タミフルに含まれるオセルタミビルリン酸塩は、カプセルとドライシロップの2つの剤形で販売されており、生後2週目の乳児から大人まで使用が可能です。また令和5年12月には新しく錠剤の剤形も販売する至りとなっております。インフルエンザA型・B型に有効で、インフルエンザウイルスが体内で増えていくのを抑えます。
タミフルの効果
タミフルの主な効果は、インフルエンザウイルスの増殖を抑制することです。
主な作用機序としてタミフルの有効成分である「オセルタミビル」が、インフルエンザウイルスが細胞外に放出され、周囲の細胞に感染を広げる過程で重要な役割を果たす酵素として知られている「ノイラミニダーゼ」の働きを阻害することによりその作用を発揮します。
具体的には以下の3つの効果が認められています。
1つ目は、インフルエンザの症状を早期に改善させる効果です。
臨床試験では、タミフルを服用した患者は、服用しなかった患者と比べて、発熱している期間や全体の症状が続く期間が約1~2日短くなりました。この効果により、インフルエンザによる苦痛をある程度軽減できると考えられます。
2つ目は、インフルエンザの重症化を防ぐ効果です。
タミフルを服用することで体内のウイルス量が減少するため、症状の悪化が抑えられます。例えば合併症である肺炎への移行を防ぐ効果が期待できます。

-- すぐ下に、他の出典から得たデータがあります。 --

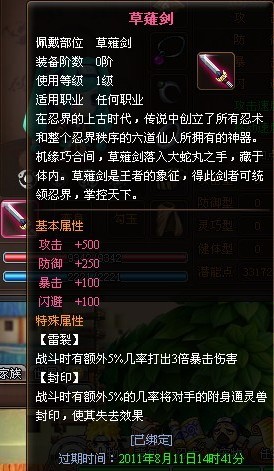 在草薙剑争夺战活动中,玩家可以自由PK,任意发挥本领。既不会有和平保护限制,也不会增加罪恶值,更不会受到罪恶惩罚!绝对自由的领地,百分百公平的切磋平台!热衷于忍术究极研究的你,和胸怀远大梦想的你,现在就来加入这个激情四溢的战场吧!

したがって、タミフルを早期に適切に服用することで、インフルエンザからの回復をよりスムーズにし、合併症のリスクを下げることができます。一方で、発症から48時間以上経過している場合には十分な効果が得られない可能性があることに注意が必要です。
最後に3つ目の効果として認められているものは、A型及びB型インフルエンザに対する予防効果があります。
タミフルは感染者との接触から48時間以内に服用すれば、高確率で予防ができるとされています。特に家族や日常的に接する人が感染した場合、緊急的な対策として有効な予防手段となります。タミフルの予防効果は服薬中の期間に限られ、最大で10日間までとされています。予防接種のような長期的な予防には向いておらず、予防効果は服用中の期間にのみ期待されます。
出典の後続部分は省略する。